Les parutions à venir sont assez nombreuses: « L’appel de l’Ankou » est un 10″ très limité qui, après moult retard devrait finalement apparaître courant mars sur la très prometteuse structure « Le Cluricaun ». C’est un picture disc 4 titres dont 2 sont à la fois guerriers et dansants, 1 plus introspectif et le dernier une valse!  « La ballade de l’Ankou », mon nouveau cd à paraître j’espère début Avril, est je crois ce que j’ai fait de plus puissant et de plus monumental à ce jour, avec force percussions, trompettes et cor de chasse!!! « Le miracle de Théophile » qui verra le jour plus tard dans l’année sera lui nettement plus marqué par le moyen-âge.
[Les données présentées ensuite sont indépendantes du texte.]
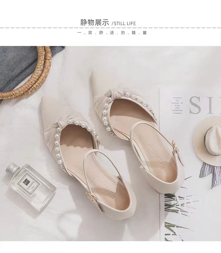 메리 제인 신발 2024 봄 새로운 얕은 입 지적 발가락 하이힐 두꺼운 뒤꿈치 요정 스타일 Baotou 샌들 여성 여름을위한 단일 신발

Enfin, la « Pleasure Box » est un coffret qui comprendra un cd live puissant enregistré pendant la tournée 2000, une vidéo et un 7″, le tout étant évidemment aussi luxueux que limité.

Je dois préciser que je travaille toujours d’arrache-pied à mon « sexarium », ce fabuleux objet très beau, érotique et dangereux qui j’espère verra le jour d’ici 1 an ou 2.

SEVEN PINES bénéficie d’une distribution WORLD SERPENT, cela laisse-t-il présager une réédition plus large de tes disques précédents?

Gaë: Universal Music ainsi que Virgin music m’ont contacté pour rééditer mes premières œuvres mais au jour d’aujourd’hui, rien n’a encore été signé. Cela dit, je pense que les éditions limitées sont faites pour le rester…

Prévois-tu des collaborations ou projets parallèles?

Eric: J’ai en effet 1 ou 2 projets parallèles. Le premier album de Silver Lady, « Inclus concentré de génie avec morceaux dedans » (réalisé avec un étrange guitariste lyonnais, un certain Dr Sin), devrait voir le jour bientôt suivi de peu d’un long Ep, « Tout simplement ». L’année prochaine devrait paraître le nouveau Seven Pines, « Nympholept », ainsi que la première partie d’un projet fou d’opéra gigantesque et mégalo réalisé avec l’aide de Gaë Bolg et de nombreux amis, « La nef des fous ».

Quand aux collaborations, j’ai participé comme musicien et chanteur (tout comme Gaë) au 1er cd de Baby Fand « Seven days of Joy, Part I » ainsi qu’au splendide 1er cd du Ouarzazate Dark Consortium, 2 œuvres qui paraîtront Dieu seul sait quand!!!

Dans un avenir plus lointain, il est également question d’un nouvel Orchestre Noir avec Tony, ainsi qu’un nouveau projet easy listening assez amusant, toujours avec Tony.

Devenir et croisades pour les mois à venir?

Gaë: Entarter Céline Dion, défendre encore et toujours les licornes, faire entendre raison à Liguano Di Kaprio, l’Iguane mascotte de l’Eglise de Fand, et enfin demander au conseil de l’Etat que l’Eglise de Fand soit reconnue à sa juste valeur c’est à dire religion d’état.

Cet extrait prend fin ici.